(Data excerpt Opens)
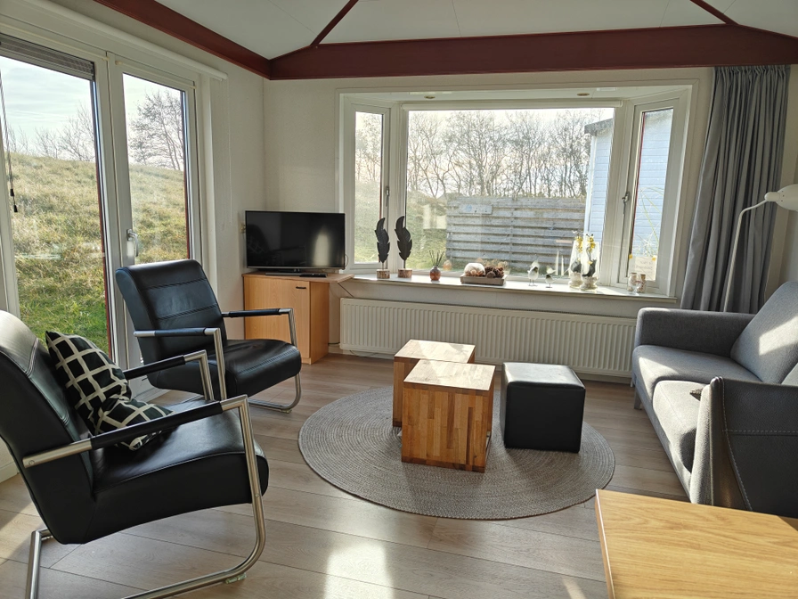 Enjoy ultimate quietude in our chalet. Completely unwind between the dunes where the sound of the sea can be heard from the terrace. Around the chalet you can often spot rabbits and pheasants foraging. The chalet is located on Klein Vaarwater, the most complete holiday park on Ameland with a supermarket, restaurant, snack bar and many sports facilities, such as tennis and paddle courts, a fitness studio, midget golf, pool tables and bowling alleys. When staying in our chalet you can use the indoor swimming pool for free. In addition, there is a indoor playground for the little ones and entertainment in almost all holiday periods. See Time is located within walking distance of the North Sea beach and within cycling distance of the cozy village of Nes. The chalet is spacious, fully equipped and contemporary in design. Outside is a large terrace with lots of privacy, garden furniture and a sunshade. In the storage room there is a washing machine and three bicycles that you can use for free.
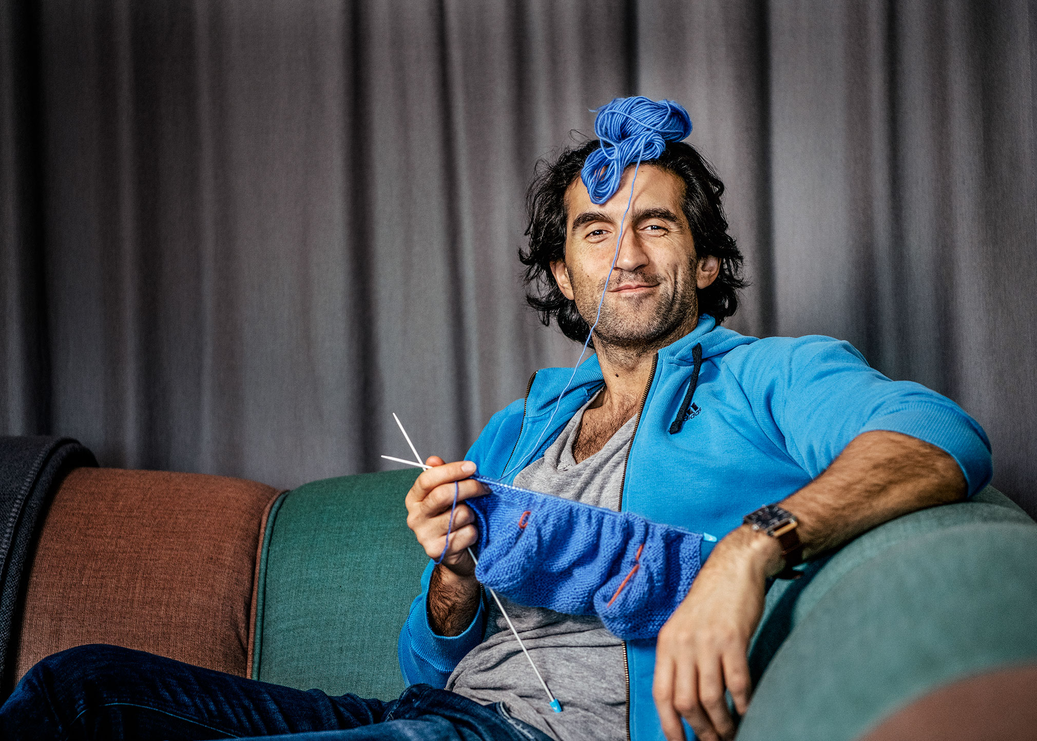 Regissören Josef Fares har stickat sedan han var liten, det ger vila och löser problem.
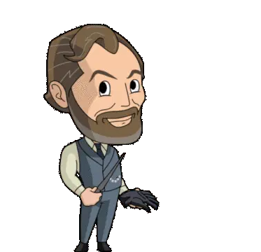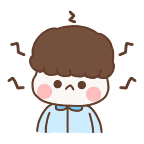 Cute cartoon character with brown hair and pink cheeks looks stressed and frustrated, with wavy lines around its head.
(Data excerpt Closes)
• Directions for this task:
Every line above should be repeated exactly; pictures stay out of the copy.

• Answer for the task:
 Enjoy ultimate quietude in our chalet. Completely unwind between the dunes where the sound of the sea can be heard from the terrace. Around the chalet you can often spot rabbits and pheasants foraging. The chalet is located on Klein Vaarwater, the most complete holiday park on Ameland with a supermarket, restaurant, snack bar and many sports facilities, such as tennis and paddle courts, a fitness studio, midget golf, pool tables and bowling alleys. When staying in our chalet you can use the indoor swimming pool for free. In addition, there is a indoor playground for the little ones and entertainment in almost all holiday periods. See Time is located within walking distance of the North Sea beach and within cycling distance of the cozy village of Nes. The chalet is spacious, fully equipped and contemporary in design. Outside is a large terrace with lots of privacy, garden furniture and a sunshade. In the storage room there is a washing machine and three bicycles that you can use for free.
 Regissören Josef Fares har stickat sedan han var liten, det ger vila och löser problem.
 Cute cartoon character with brown hair and pink cheeks looks stressed and frustrated, with wavy lines around its head.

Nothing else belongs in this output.